(Stored records)
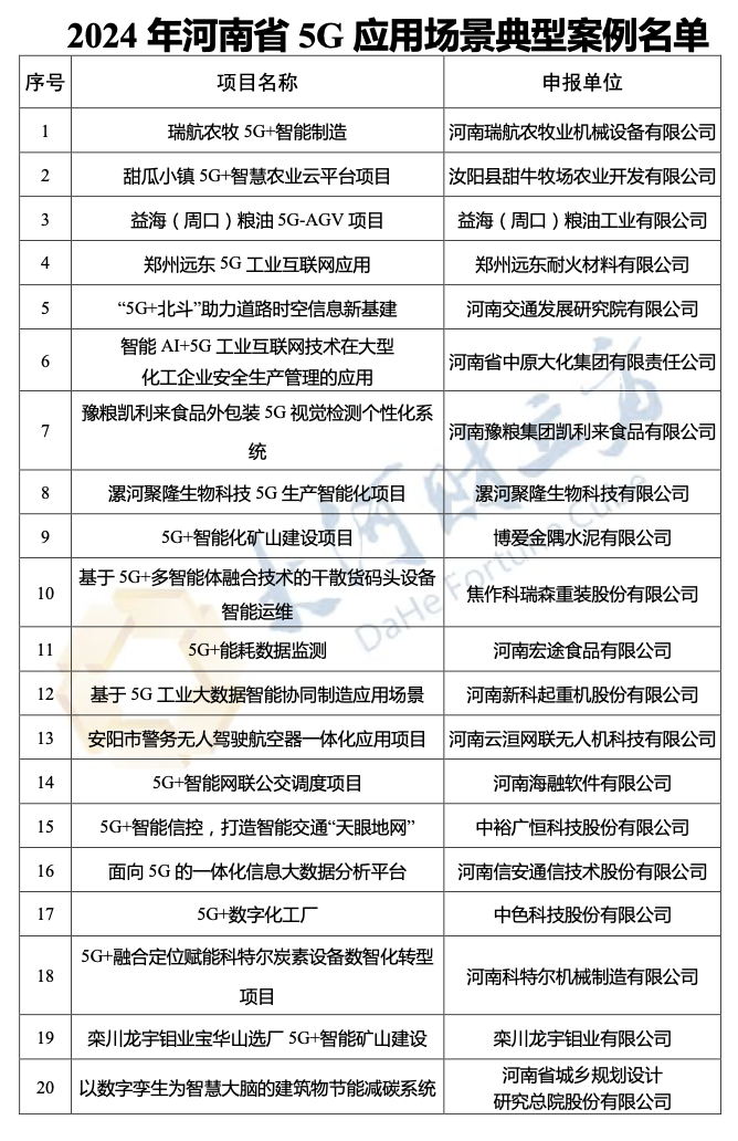 【大河财立方消息】1月9日消息,经单位自愿申报、各地审核推荐、专家评审、河南省工信厅公布2024年河南省5G应用场景典型案例。
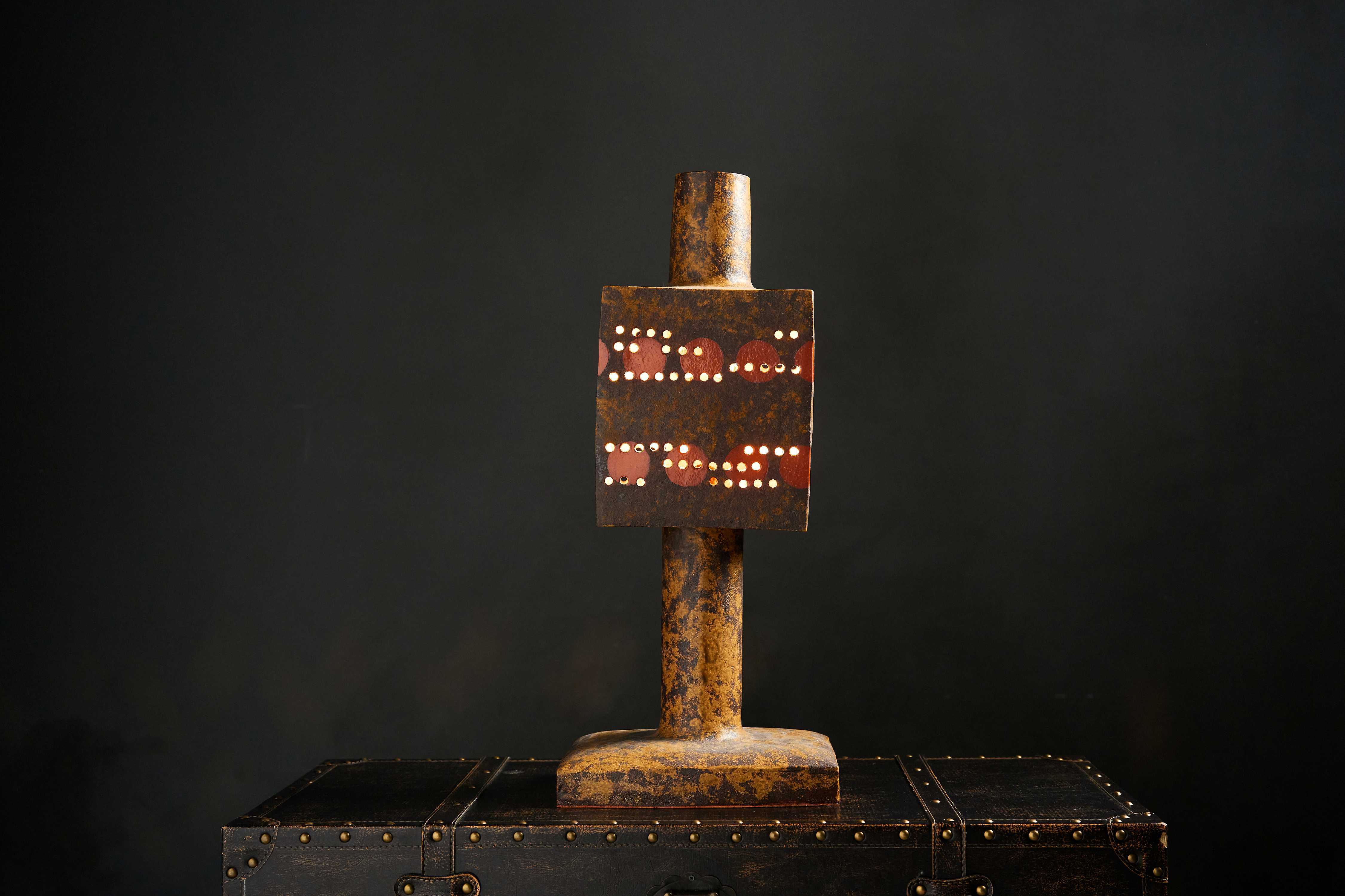 灯りを透かすと、温かな輝きが褐色の地肌に滲み、空間全体をやわらかく包み込みます。
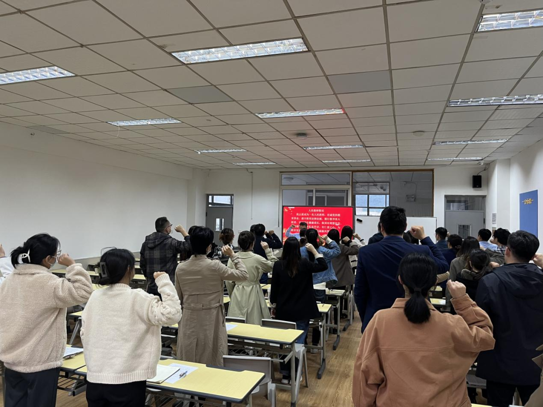 为集中展现我院教师爱党爱国、立德树人、自信自强的精神风貌,引导激励广大教职工以实际行动迎接党的二十大胜利召开,进一步加强师德师风建设,2022年10月5日下午4点30分,我院于A3-102A会议室召开了师德师风月交流会,刘振勇书记主持会议。 会议分四项进行: 一、学习学校相关通知文件、习近平总书记给北京师范大学“优师计划”师范生重要回信的相关内容、师德师风相关文件。 二、宣读人民教师誓词 全体教职工共同宣读了师风师德誓词,庄严承诺认真履行教师职责。 三、签订《师德师风承诺书》 全体教师在师风师德承诺书上郑重签上了自己的名字,严格遵守教师行为规范。 此次会议,提高了全体教职工的思想认识,明确了师德师风建设的具体要求与目标,真正将师德师风建设工作落到了实处。全体教师表示将会带着使命,带着责任,以真诚的爱心温暖学生,以高尚的师德影响学生,用健全的人格塑造学生的完美心灵。
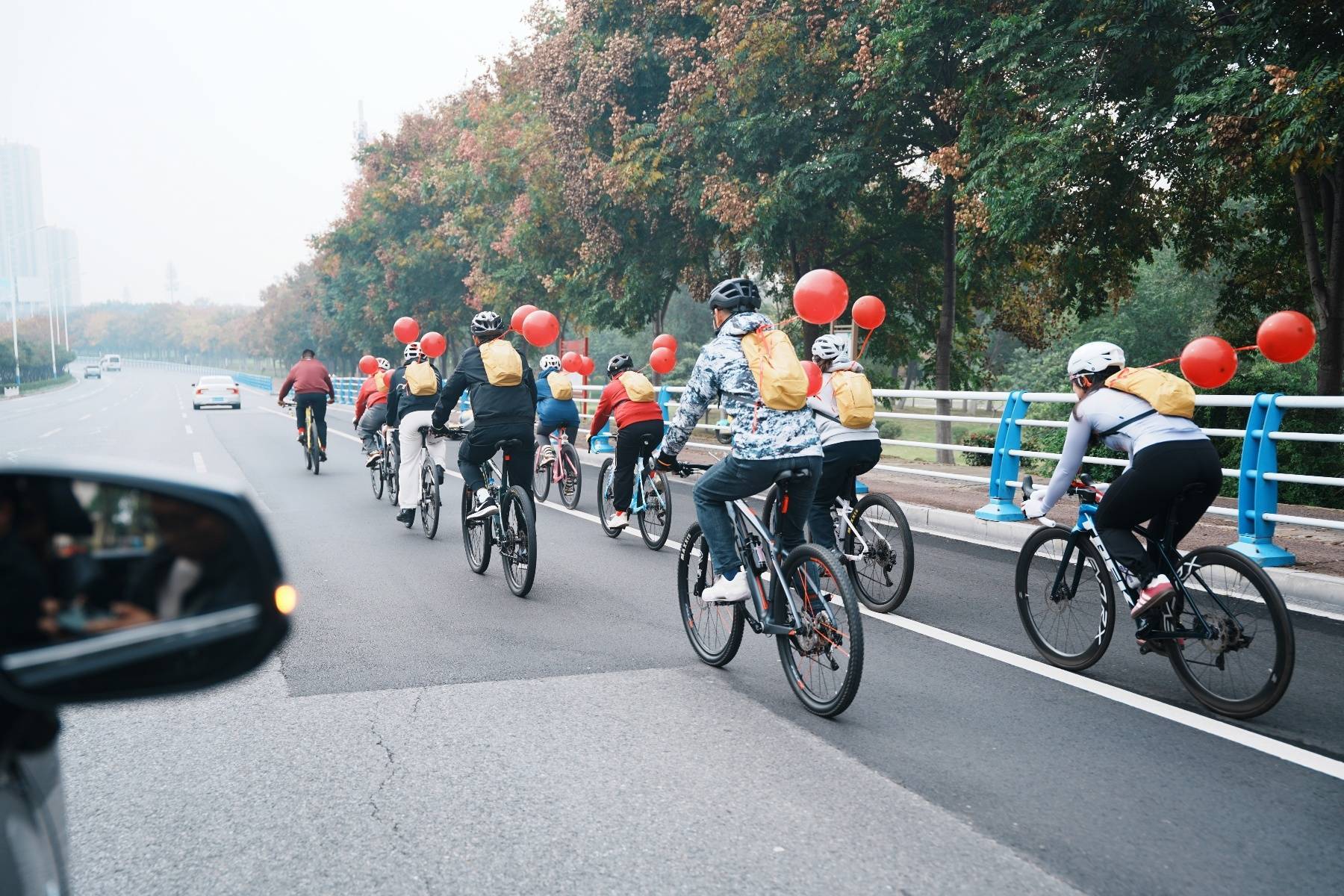 迎亲队伍骑着山地车,背上系着红气球的背包,一路上格外醒目。图/受访者提供
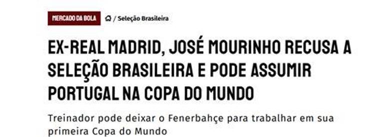 Bununla bir arada Güney Amerika basınında flaş bir habere yer verildi. Buna nazaran Mourinho, Brezilya Ulusal Takımı’nı reddetti.
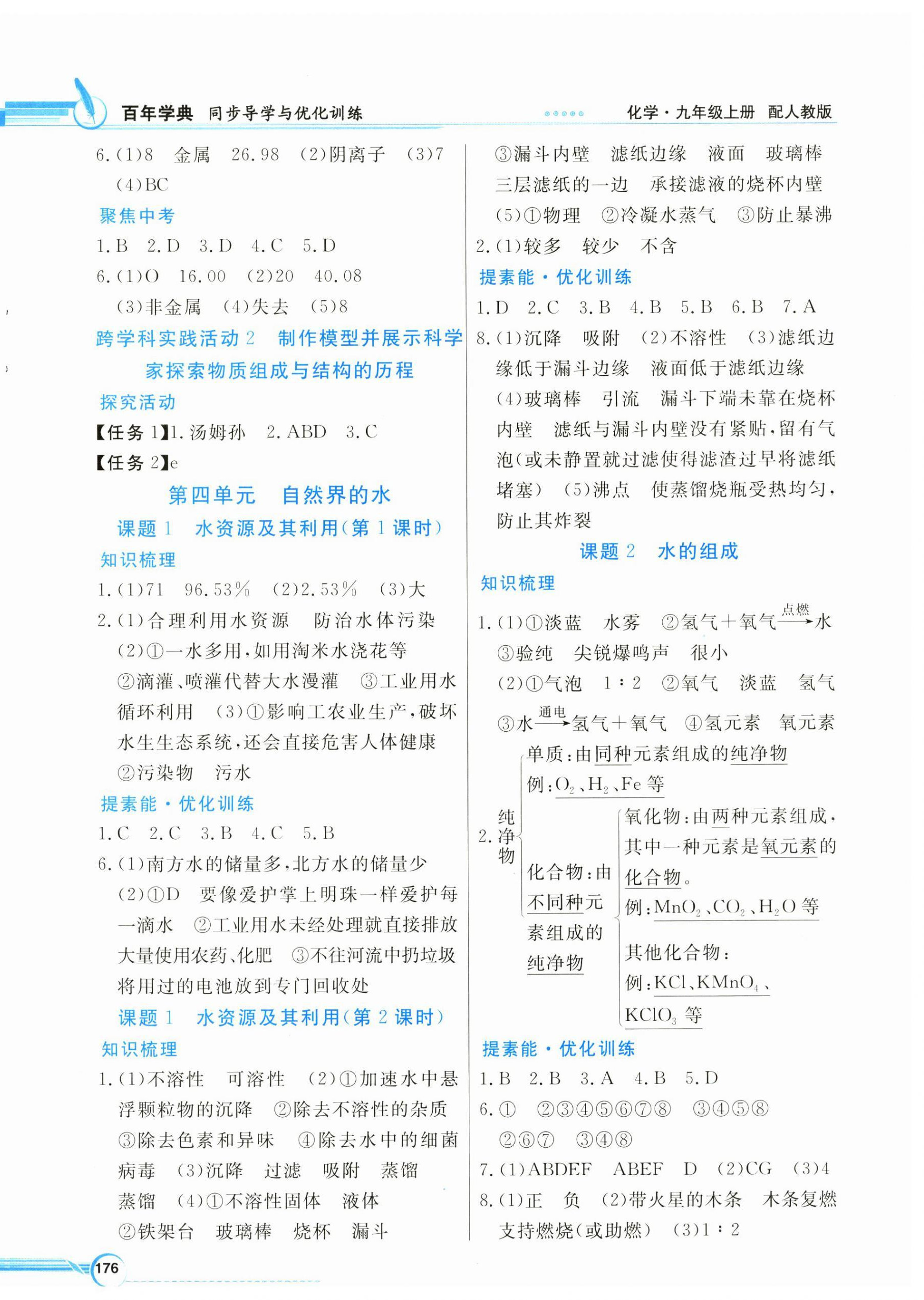 注:目前有些书本章节名称可能整理的还不是很完善,但都是按照顺序排列的,请同学们按照顺序仔细查找。练习册 2024年同步导学与优化训练九年级化学上册人教版 答案主要是用来给同学们做完题方便对答案用的,请勿直接抄袭。
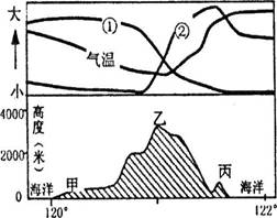 4、单选题 如图下部为某岛屿沿回归线的地形剖面图,上部是该区相关地理事物沿线变化图,回答问题:
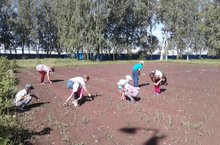 Работа на пришкольном участке требует большой отдачи и терпения. Дети работают с желанием и с пониманием необходимости приводить пришкольный участок в порядок.
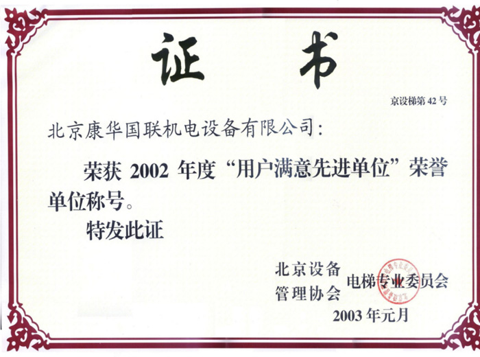 2002年度用戶滿意先進(jìn)單位
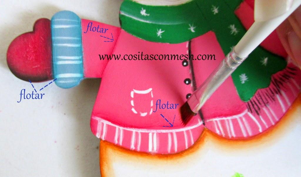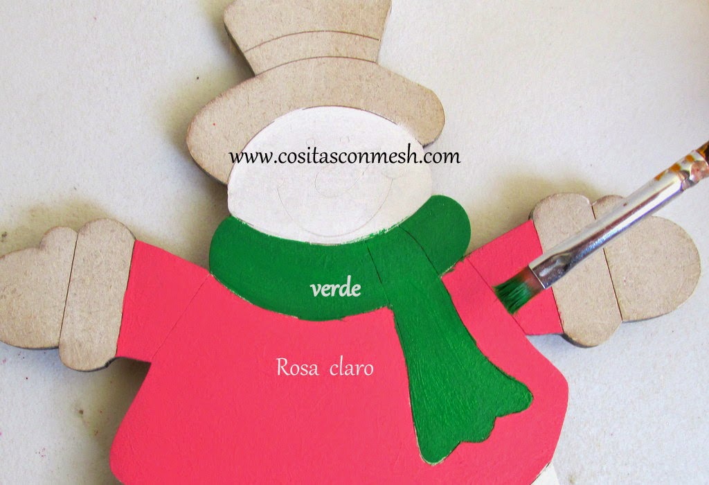 3.-Pintare la chaqueta de rosa claro,la bufanda de verde,puedes usar otro pincel para pintar estas piezas mas pequeñas.
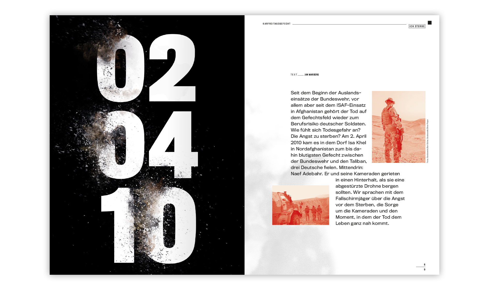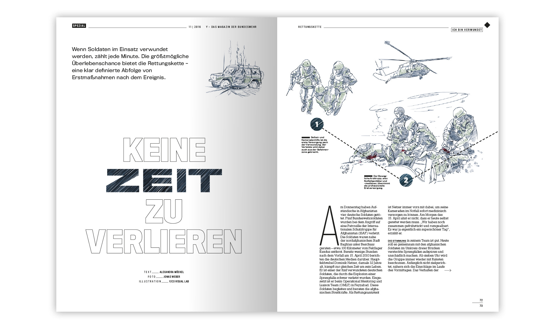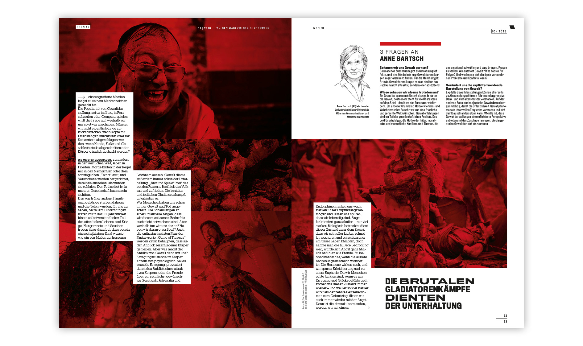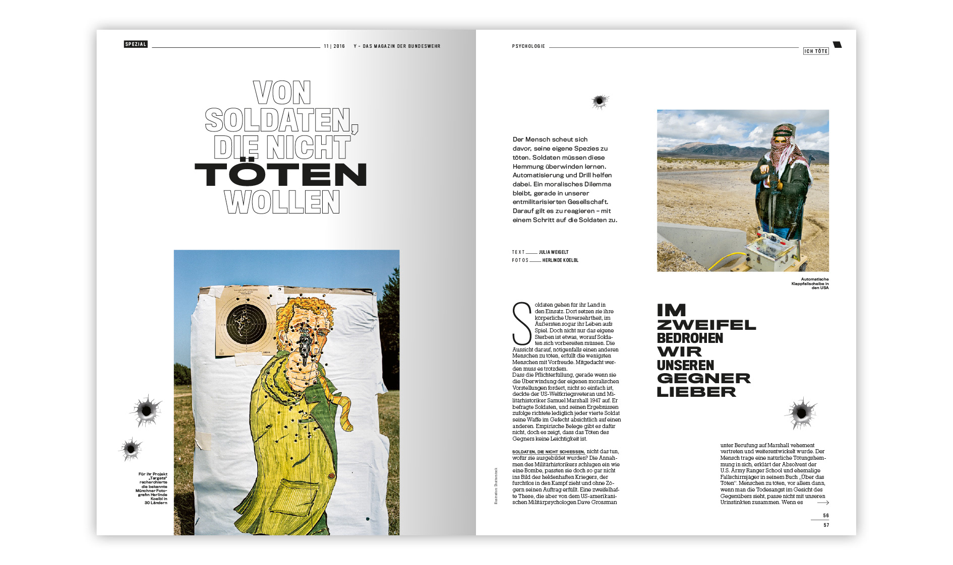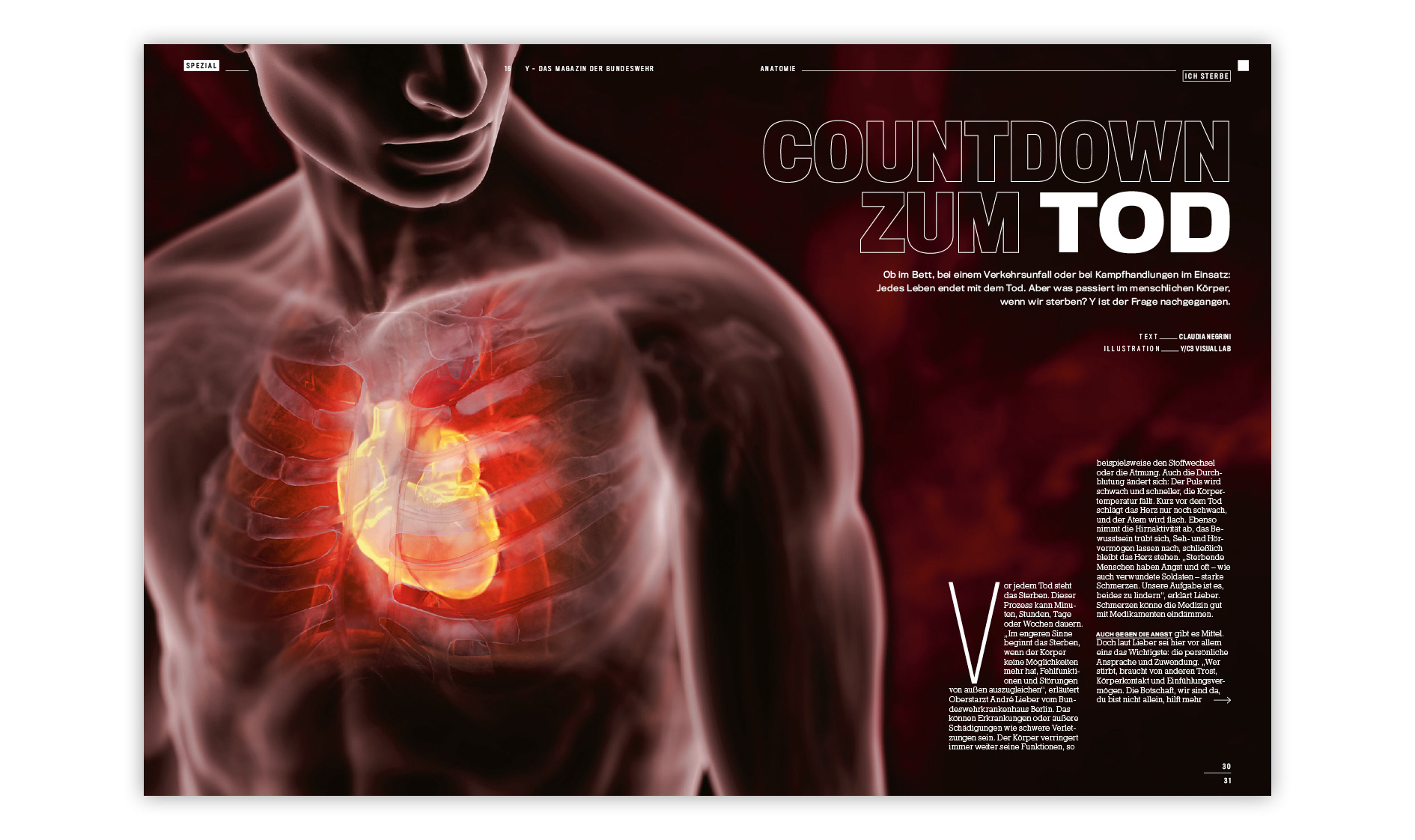Art Direction for the Y-Magazine "Tod und Verwundung". This is the special edition 2016 of the Federal Ministry of Defense. Agency: C3–Creative Code and Content.

### YOUR ASSIGNMENT
No pictures should appear in the answer, which is to be the lines from the line with "二、宣读人民教师誓词 全体教职工共同宣读了师风师德誓词,庄严承诺认真履行教师职责。 三、签订《师德师风承诺书》" through the end of the records above, restated exactly.

### FINISHED EXERCISE
 为集中展现我院教师爱党爱国、立德树人、自信自强的精神风貌,引导激励广大教职工以实际行动迎接党的二十大胜利召开,进一步加强师德师风建设,2022年10月5日下午4点30分,我院于A3-102A会议室召开了师德师风月交流会,刘振勇书记主持会议。 会议分四项进行: 一、学习学校相关通知文件、习近平总书记给北京师范大学“优师计划”师范生重要回信的相关内容、师德师风相关文件。 二、宣读人民教师誓词 全体教职工共同宣读了师风师德誓词,庄严承诺认真履行教师职责。 三、签订《师德师风承诺书》 全体教师在师风师德承诺书上郑重签上了自己的名字,严格遵守教师行为规范。 此次会议,提高了全体教职工的思想认识,明确了师德师风建设的具体要求与目标,真正将师德师风建设工作落到了实处。全体教师表示将会带着使命,带着责任,以真诚的爱心温暖学生,以高尚的师德影响学生,用健全的人格塑造学生的完美心灵。
 迎亲队伍骑着山地车,背上系着红气球的背包,一路上格外醒目。图/受访者提供
 Bununla bir arada Güney Amerika basınında flaş bir habere yer verildi. Buna nazaran Mourinho, Brezilya Ulusal Takımı’nı reddetti.
 注:目前有些书本章节名称可能整理的还不是很完善,但都是按照顺序排列的,请同学们按照顺序仔细查找。练习册 2024年同步导学与优化训练九年级化学上册人教版 答案主要是用来给同学们做完题方便对答案用的,请勿直接抄袭。
 4、单选题 如图下部为某岛屿沿回归线的地形剖面图,上部是该区相关地理事物沿线变化图,回答问题:
 Работа на пришкольном участке требует большой отдачи и терпения. Дети работают с желанием и с пониманием необходимости приводить пришкольный участок в порядок.
 2002年度用戶滿意先進(jìn)單位
 3.-Pintare la chaqueta de rosa claro,la bufanda de verde,puedes usar otro pincel para pintar estas piezas mas pequeñas.
Art Direction for the Y-Magazine "Tod und Verwundung". This is the special edition 2016 of the Federal Ministry of Defense. Agency: C3–Creative Code and Content.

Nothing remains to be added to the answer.